Filtering inbound email involves attempting to identify email messages with potentially harmful content or attachments. Due to the increasing volume, scope and evolution of email pollutants, the current reliance on content filtering to identify these threats continues to be a costly and technological challenge. Network threats are continually bombarding enterprise networks, and continually adapting to get around the filters that are put in place. Filtering inbound network traffic is a never ending process of upgrading to new filtering mechanisms to ward off new threats. Filtering inbound email is therefore reactionary, whereby enterprises must always be reacting to new variations and evolving threats.
Filters of spam and other email content often generate false positives and filter out “good” email. Content filtering inaccuracies can often disrupt the delivery of a legitimate email message by sidelining, quarantining or halting delivery all together. Additionally, the sender of the legitimate email often has no way of knowing whether the email message reached the intended recipient, or was filtered out without delivery. A bounce message may be generated, but bounce messages are often not very descriptive of the circumstances surrounding the bounce. A bounce (also bounce message, non-delivery report, or delivery status notification), is an automated electronic message from the receiving party's inbound message system which notifies the sending party that the message could not be delivered to one or more intended recipients. In cases where email “bounces”, a non-delivery report is generated; however, the reason for the non-delivery cannot be easily determined and the sending party's IT management has no systems in place for reporting the failed email messages. Additional deliverability concerns arise due in part to the fact that email messages often hop through unreliable store-and-forward gateways in route to their destination.
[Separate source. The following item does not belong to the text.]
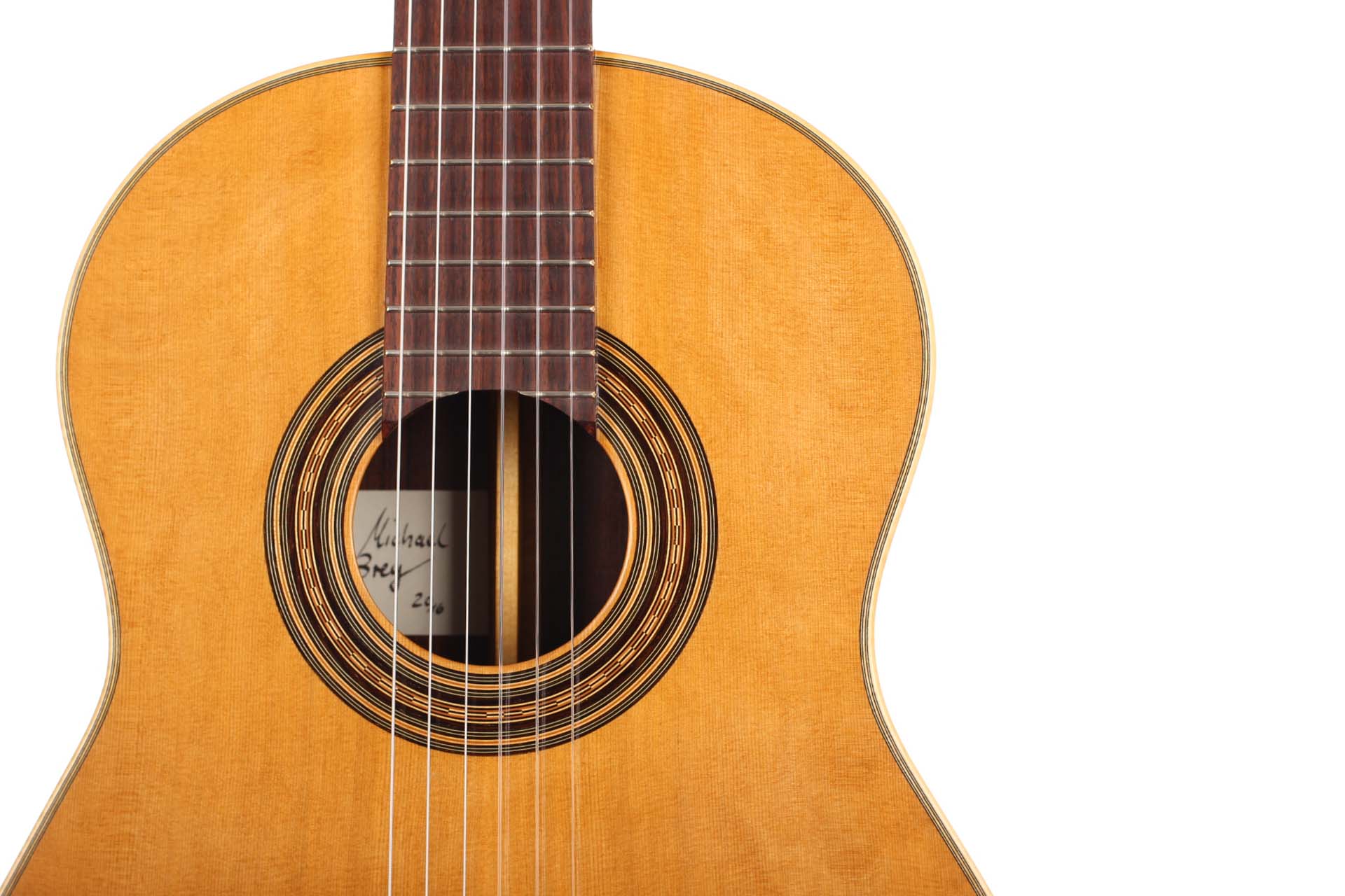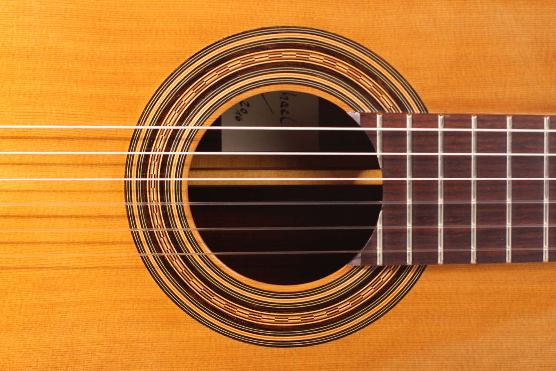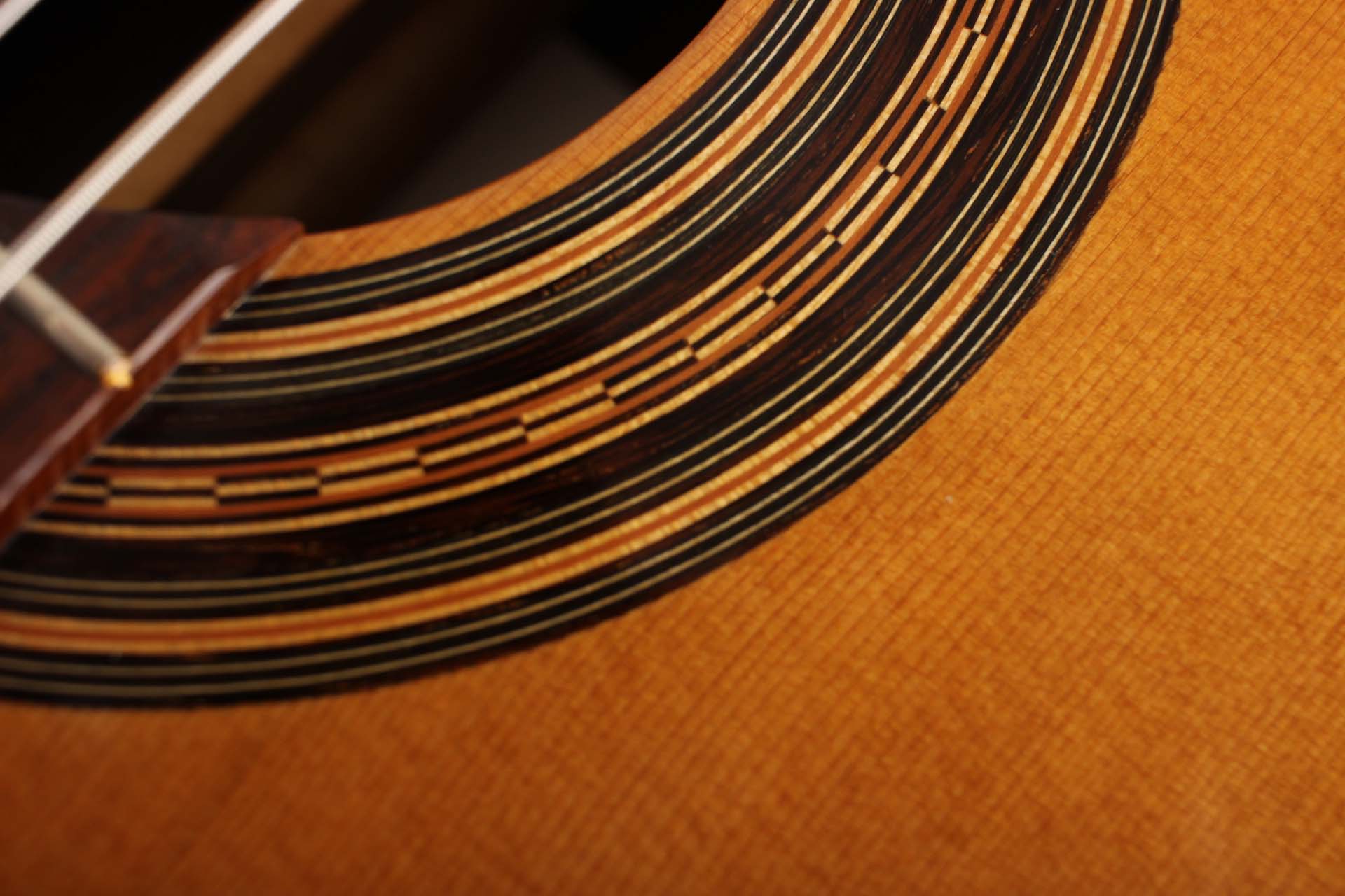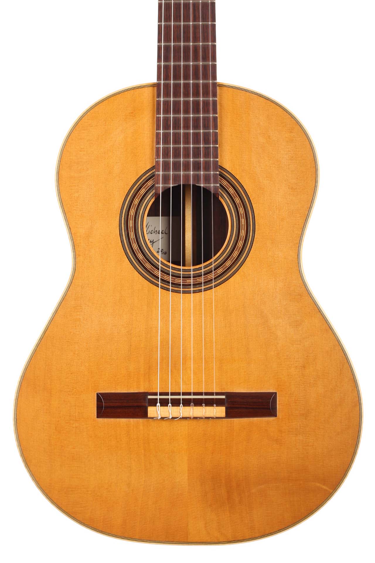 Michael Brey, born in 1966, initially learned his craft from Peter Barton in England during the years from 1994 to 1996. In the following years, he worked for a repair shop, a guitar dealer and a violin maker in Munich. In 2007 he opened his own workshop in Munich. In the beginning, besides doing repair and restoration work, he built classical as well as archtop guitars. Nowadays he has completely dedicated himself to the traditional Spanish guitar in the style of Antonio de Torres, without just copying them however. A distinctive feature of his guitars is a stabilizing strut between the foot of the neck and the end block which reduces the tension in the top and back plates in order to enhance the sustain. For the fretboard, Michael Brey prefers to use Indian Rosewood, for a slightly warmer tone and a light weight, well balanced instrument. His guitars are completely handmade and finished with a high quality, shellac based French-polish. This guitar is built out of close grained cedar and a beautiful set of Pao Ferro, both 30 years old. The binding is figured maple. The body resonance is F# and the guitar has a full bodied, warm tone and good volume. The tuners are made by Klaus Scheller. A Hiscox Pro II case is included.

Another problem relates to a characteristic of public Internet application gateways, in that these gateways must receive whatever email or other data are sent to them. As such, corporate email gateways are susceptible to denial-of-service” (DoS) attacks. DoS attacks can come in different forms, such as flooding, but all DoS attacks are intended to force the victim to reset or consume its resources so that they cannot perform the intended service and/or obstruct communication between the victim and those attempting to communicate with the victim. The combination of spoofed or forged email envelopes of spam messages often produces bounce messages which are sent erroneously to the masqueraded victim. These “bounce attacks” can flood an email gateway, interrupting critical business communication.
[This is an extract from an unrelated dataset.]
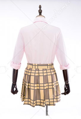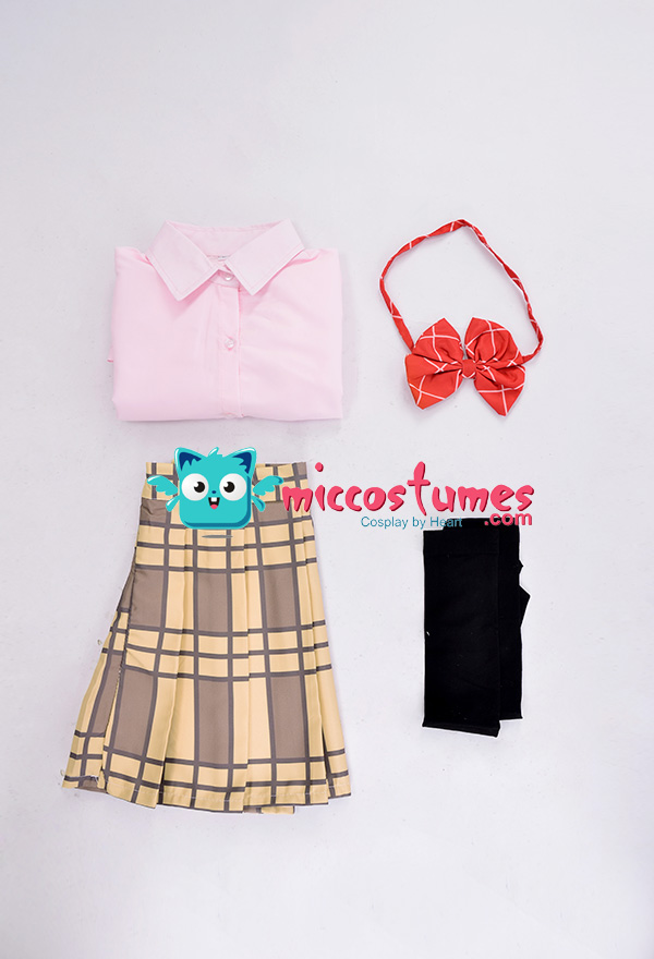 This costume includes bow tie, shirt, skirt, stockings. It is made of uniform cloth, polyester.

The reflection of the technical problems arising from polluted incoming email is the damage to enterprise reputation as a result of polluted outgoing email. Polluted email with an enterprise domain name may be sent intentionally or unintentionally from the enterprise network, thereby damaging the reputation of the enterprise. A “bot” or “Trojan horse” may become resident on a computer within the enterprise and begin spewing out polluted email messages. Alternatively, a user with malicious intent inside the enterprise may send polluted email from the enterprise. Whether intentional or unintentional, pollution emanating from an enterprise network damages the reputation of the enterprise, which in turn can adversely impact community image, sales, web page hits, supplier relationships, and the like. That said, today's enterprise must contain outbound pollution originating from their networks to ensure successful deliverability of their outgoing email.
Additionally, the majority of most business communication sent over email is transported in plain text over the public Internet and sometimes through intermediate third-party gateways. There is no guarantee to either the sender or the recipient that the email will not be intercepted in transit.
It is with respect to the foregoing and other problems that embodiments of the present invention have been made.